___ Given data

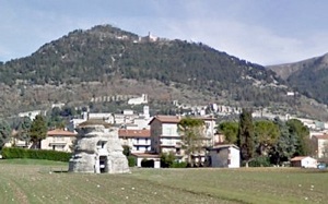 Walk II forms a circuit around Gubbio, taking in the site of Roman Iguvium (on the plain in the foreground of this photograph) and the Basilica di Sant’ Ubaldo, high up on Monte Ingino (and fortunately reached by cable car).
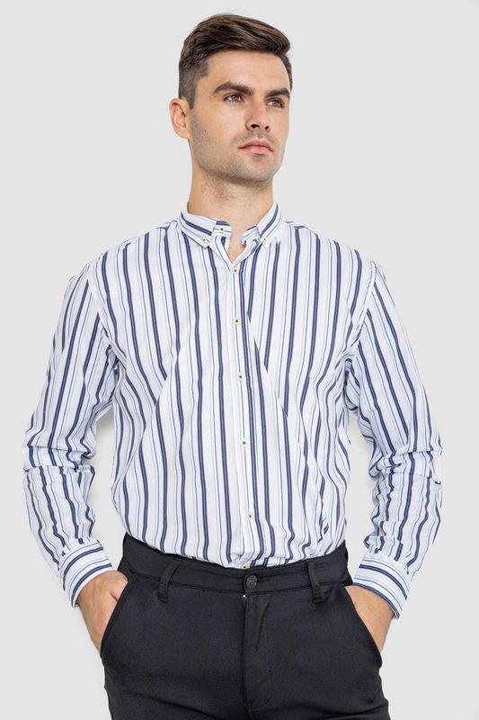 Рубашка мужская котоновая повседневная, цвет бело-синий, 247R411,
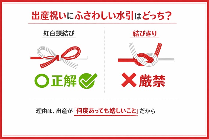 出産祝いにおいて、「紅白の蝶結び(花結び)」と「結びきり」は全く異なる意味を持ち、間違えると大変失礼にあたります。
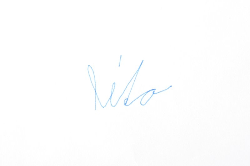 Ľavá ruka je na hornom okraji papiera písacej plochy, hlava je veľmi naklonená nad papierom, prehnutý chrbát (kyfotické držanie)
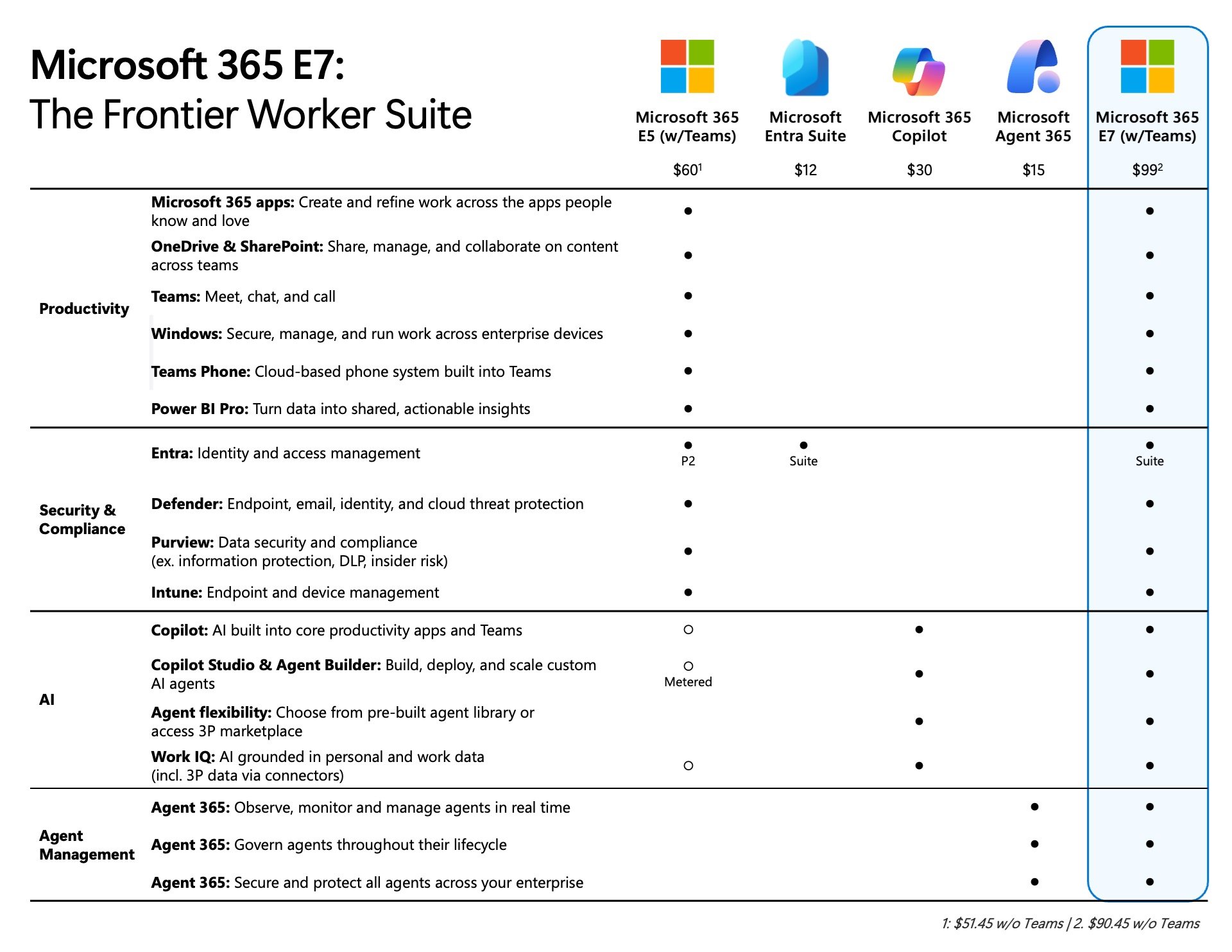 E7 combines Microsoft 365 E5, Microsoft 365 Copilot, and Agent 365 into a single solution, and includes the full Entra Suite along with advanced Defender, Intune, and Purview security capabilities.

______
___ Given data

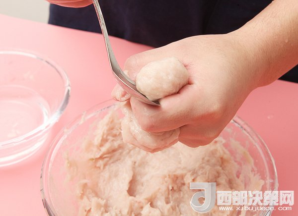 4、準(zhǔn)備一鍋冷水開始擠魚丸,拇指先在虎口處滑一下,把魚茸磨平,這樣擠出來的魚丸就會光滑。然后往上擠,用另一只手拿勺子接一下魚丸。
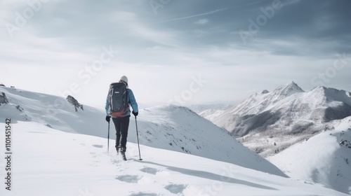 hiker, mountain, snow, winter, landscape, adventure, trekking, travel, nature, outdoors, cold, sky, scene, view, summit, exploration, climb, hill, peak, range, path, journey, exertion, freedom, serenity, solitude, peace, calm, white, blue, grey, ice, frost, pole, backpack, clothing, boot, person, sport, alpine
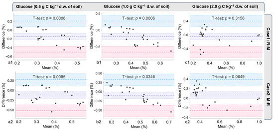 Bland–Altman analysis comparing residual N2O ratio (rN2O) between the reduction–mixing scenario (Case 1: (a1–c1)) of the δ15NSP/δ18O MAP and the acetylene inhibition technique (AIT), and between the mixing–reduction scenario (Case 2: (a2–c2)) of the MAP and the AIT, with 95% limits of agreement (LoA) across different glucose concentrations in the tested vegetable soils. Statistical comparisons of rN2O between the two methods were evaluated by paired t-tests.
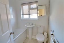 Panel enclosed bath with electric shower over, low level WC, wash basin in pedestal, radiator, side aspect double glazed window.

______
___ Given data

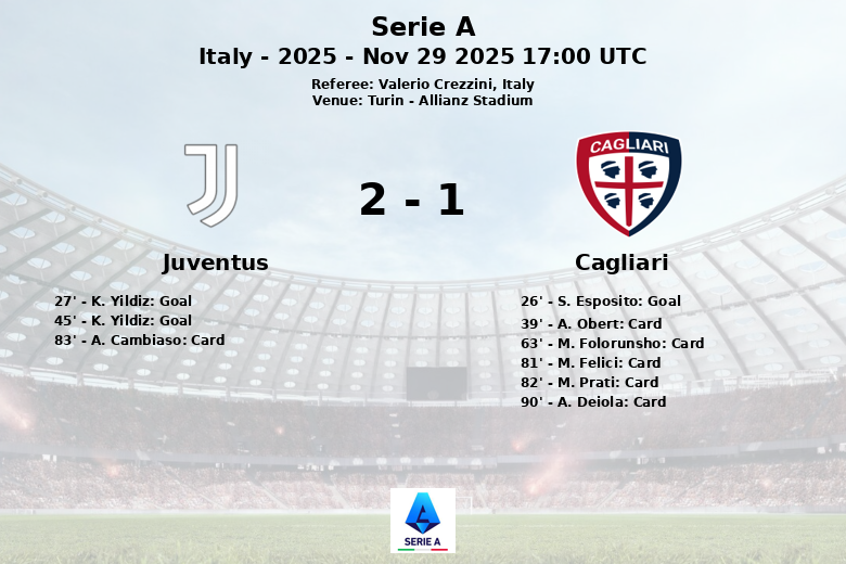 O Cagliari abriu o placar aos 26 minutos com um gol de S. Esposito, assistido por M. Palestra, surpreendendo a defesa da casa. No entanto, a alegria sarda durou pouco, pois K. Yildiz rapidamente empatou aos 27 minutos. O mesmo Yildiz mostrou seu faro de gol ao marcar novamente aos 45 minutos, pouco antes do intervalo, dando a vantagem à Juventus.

______

● What you need to do
Only one stretch of the listing is wanted: the lines starting at the one with "4、準(zhǔn)備一鍋冷水" and ending at the one with "Panel enclosed bath", copied exactly and free of pictures.

● Response below
 4、準(zhǔn)備一鍋冷水開始擠魚丸,拇指先在虎口處滑一下,把魚茸磨平,這樣擠出來的魚丸就會光滑。然后往上擠,用另一只手拿勺子接一下魚丸。
 hiker, mountain, snow, winter, landscape, adventure, trekking, travel, nature, outdoors, cold, sky, scene, view, summit, exploration, climb, hill, peak, range, path, journey, exertion, freedom, serenity, solitude, peace, calm, white, blue, grey, ice, frost, pole, backpack, clothing, boot, person, sport, alpine
 Bland–Altman analysis comparing residual N2O ratio (rN2O) between the reduction–mixing scenario (Case 1: (a1–c1)) of the δ15NSP/δ18O MAP and the acetylene inhibition technique (AIT), and between the mixing–reduction scenario (Case 2: (a2–c2)) of the MAP and the AIT, with 95% limits of agreement (LoA) across different glucose concentrations in the tested vegetable soils. Statistical comparisons of rN2O between the two methods were evaluated by paired t-tests.
 Panel enclosed bath with electric shower over, low level WC, wash basin in pedestal, radiator, side aspect double glazed window.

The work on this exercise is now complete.